→ WHAT THE TASK REQUIRES: Copy the data that follows exactly as it is, excluding all pictures.

→ SOURCE DATA:
== Segment start ==

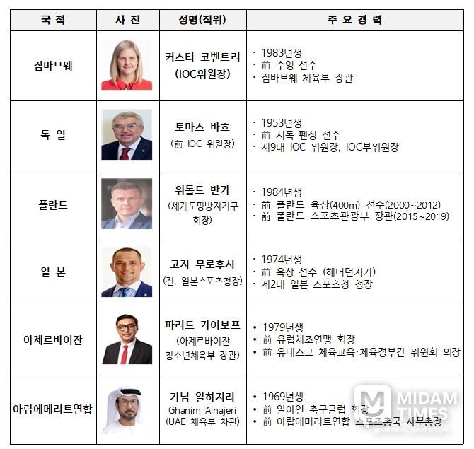 어제(2일)는 총회 개회식에 참석한 ▲커스티 코벤트리(Kirsty Leigh Coventry) 국제올림픽위원회(IOC) 위원장 ▲토마스 바흐(Thomas Bach) 전(前) 국제올림픽위원회(IOC) 위원장 ▲위톨드 반카(Witold Banka) 세계도핑방지기구 회장 ▲고지 무로후시(Koji Murofushi) 전(前) 일본 스포츠청장 등과 만남을 가졌다.
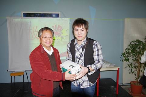 孔子学院韩祝祥院长为抽奖头等奖颁发礼品
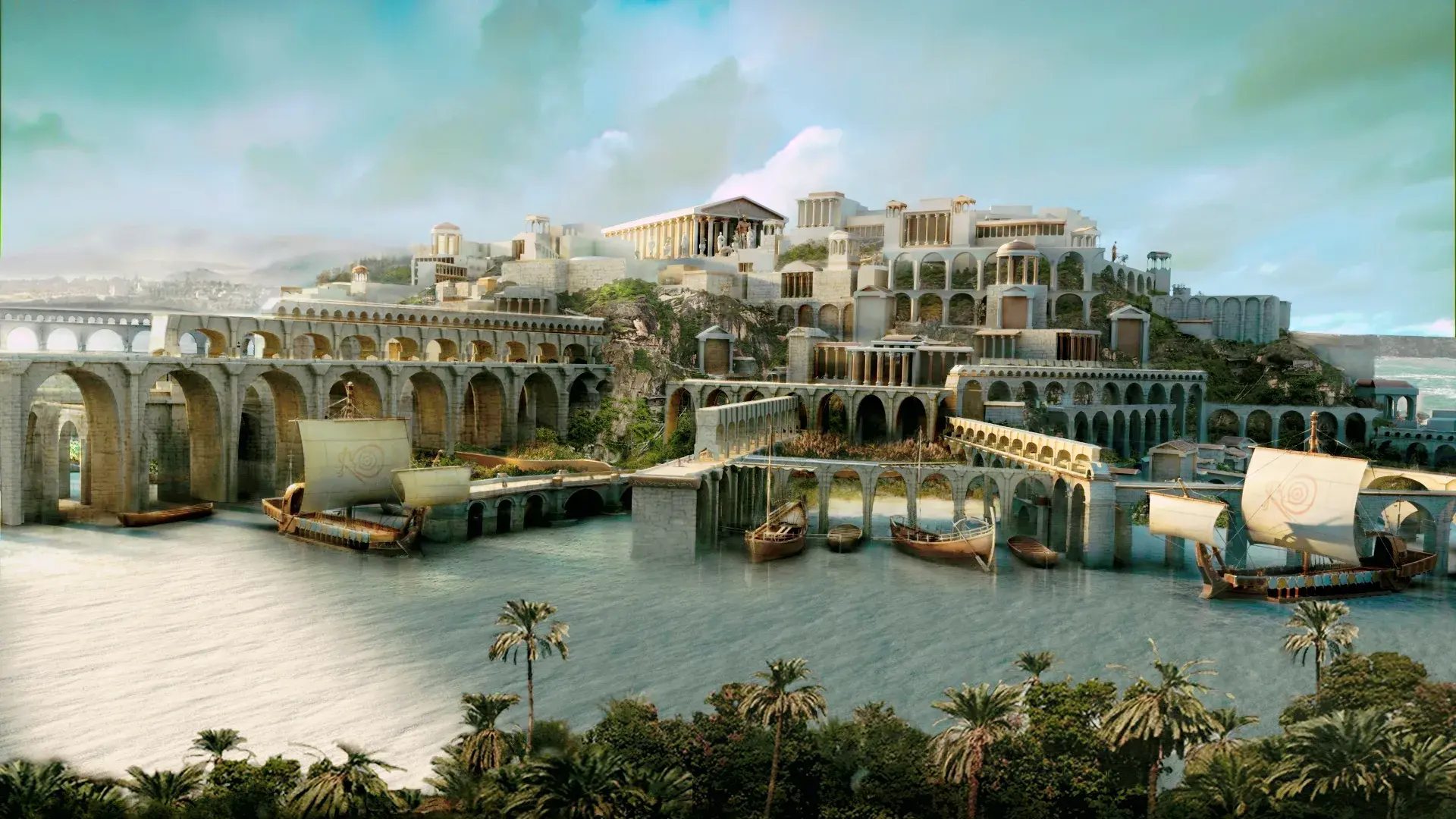 据柏拉图的描述,亚特兰蒂斯是由无数个同心圆组成的城市,中心有三个金字塔。每一层同心圆里的街道与建筑,都呈对角线深入大海。海港便竖立百米高的灯塔,装饰着三辆马车的雕塑。然而,尽管这些描述生动详细,但科学界一直未能找到确凿的证据来证明亚特兰蒂斯的存在。
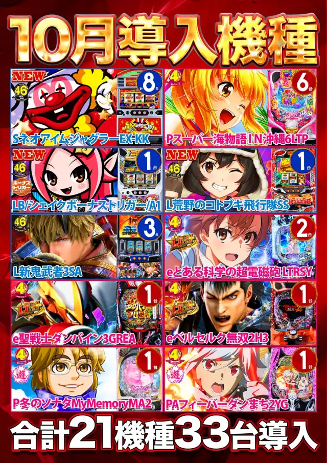 | 稼働台数 | パチンコ399台 / パチスロ280台 |
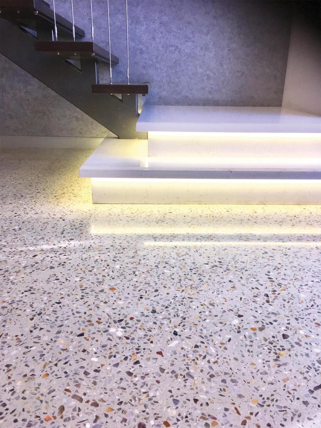 Polished concrete is suitable for internal floors and countertops in homes, offices, retail spaces, and public buildings. Honed and burnished finishes are ideal for external areas such as patios, walkways, garages and entryways. It can also be used in wet areas like bathrooms and laundries when sealed appropriately.
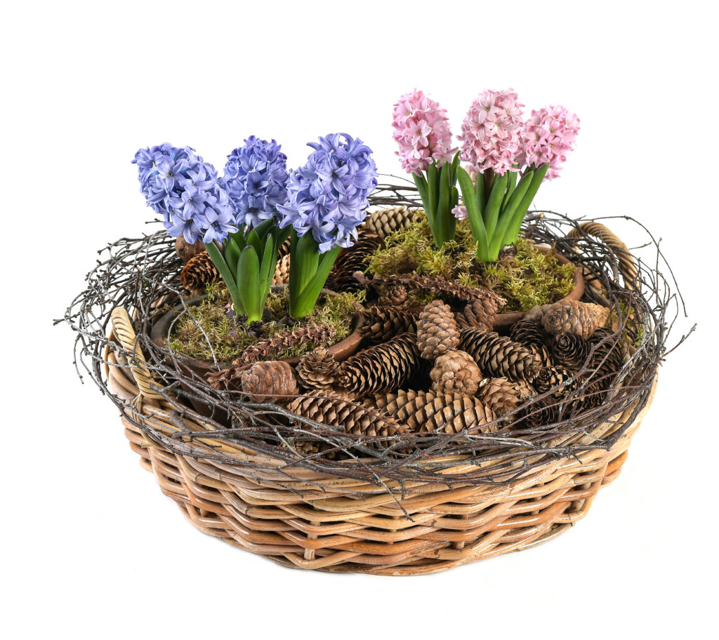 Hyasinttikori on helppo päivittää juhlapäivästä toiseen, kun kukat ovat suojaruukuissa ja vaihdettavissa ilman multaa tai muovivuorausta. Koriin piilotetut ruukut katoavat sammaleen ja käpyjen alle, ja vanhakin kori saa uuden ilmeen, kun sen ympärille kieputtaa koivunrisuista tehdyn kranssin. Asetelman voi rakentaa myös laakeaan vatiin tai puulaatikkoon, ja kukkia voi vaihtaa kauden mukaan: itsenäisyyspäivän sinisistä ja sinivalkoisista hyasinteista aina jouluisiin sävyihin tai muihin talven kasveihin, kuten jouluruusuun, sypressiin, joulutähteen tai atsaleaan. Näin koko asetelma säilyy elävänä ja kauniina pitkälle talveen.
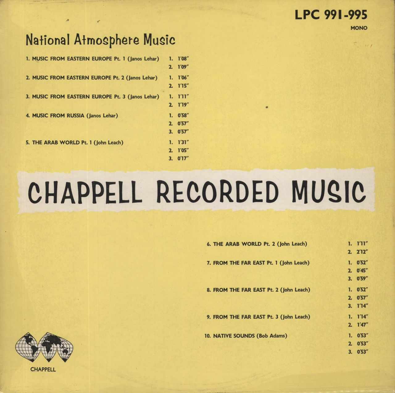 VARIOUS-WORLD MUSIC National Atmosphere Music (1969 UK 25-track vinyl LP. A compilation of atmospheric world inspired music, released as part of the Chappell Recorded Music series. Laminated picture sleeve. The sleeve shows some laminate liftto the edges ans shows just a little age wear. The vinyl shows light signs of play. An Excellent copy )
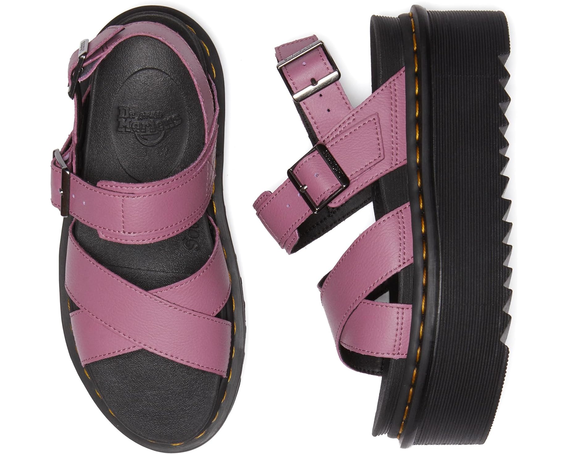 The Voss II Quad Muted Purple is the ultimate combination of comfort and style with its leather upper and lining, synthetic insole, and adjustable double-buckle strap closure. Walk with ease on the platform heel and synthetic outsole. Imported for your convenience.
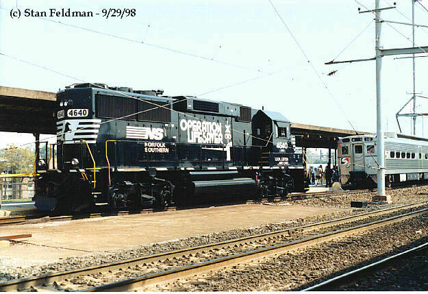 -Click here to see Norfolk Southern (NS) "Operation Lifesaver" GP-59 #4640. This is the first time Norfolk Southern had an engine on display at The Wilmington Transit Festival. Amtrak Station, Wilmington Delaware. 9/26/98.

== Segment end ==

→ SOLUTION BELOW:
 어제(2일)는 총회 개회식에 참석한 ▲커스티 코벤트리(Kirsty Leigh Coventry) 국제올림픽위원회(IOC) 위원장 ▲토마스 바흐(Thomas Bach) 전(前) 국제올림픽위원회(IOC) 위원장 ▲위톨드 반카(Witold Banka) 세계도핑방지기구 회장 ▲고지 무로후시(Koji Murofushi) 전(前) 일본 스포츠청장 등과 만남을 가졌다.
 孔子学院韩祝祥院长为抽奖头等奖颁发礼品
 据柏拉图的描述,亚特兰蒂斯是由无数个同心圆组成的城市,中心有三个金字塔。每一层同心圆里的街道与建筑,都呈对角线深入大海。海港便竖立百米高的灯塔,装饰着三辆马车的雕塑。然而,尽管这些描述生动详细,但科学界一直未能找到确凿的证据来证明亚特兰蒂斯的存在。
 | 稼働台数 | パチンコ399台 / パチスロ280台 |
 Polished concrete is suitable for internal floors and countertops in homes, offices, retail spaces, and public buildings. Honed and burnished finishes are ideal for external areas such as patios, walkways, garages and entryways. It can also be used in wet areas like bathrooms and laundries when sealed appropriately.
 Hyasinttikori on helppo päivittää juhlapäivästä toiseen, kun kukat ovat suojaruukuissa ja vaihdettavissa ilman multaa tai muovivuorausta. Koriin piilotetut ruukut katoavat sammaleen ja käpyjen alle, ja vanhakin kori saa uuden ilmeen, kun sen ympärille kieputtaa koivunrisuista tehdyn kranssin. Asetelman voi rakentaa myös laakeaan vatiin tai puulaatikkoon, ja kukkia voi vaihtaa kauden mukaan: itsenäisyyspäivän sinisistä ja sinivalkoisista hyasinteista aina jouluisiin sävyihin tai muihin talven kasveihin, kuten jouluruusuun, sypressiin, joulutähteen tai atsaleaan. Näin koko asetelma säilyy elävänä ja kauniina pitkälle talveen.
 VARIOUS-WORLD MUSIC National Atmosphere Music (1969 UK 25-track vinyl LP. A compilation of atmospheric world inspired music, released as part of the Chappell Recorded Music series. Laminated picture sleeve. The sleeve shows some laminate liftto the edges ans shows just a little age wear. The vinyl shows light signs of play. An Excellent copy )
 The Voss II Quad Muted Purple is the ultimate combination of comfort and style with its leather upper and lining, synthetic insole, and adjustable double-buckle strap closure. Walk with ease on the platform heel and synthetic outsole. Imported for your convenience.
 -Click here to see Norfolk Southern (NS) "Operation Lifesaver" GP-59 #4640. This is the first time Norfolk Southern had an engine on display at The Wilmington Transit Festival. Amtrak Station, Wilmington Delaware. 9/26/98.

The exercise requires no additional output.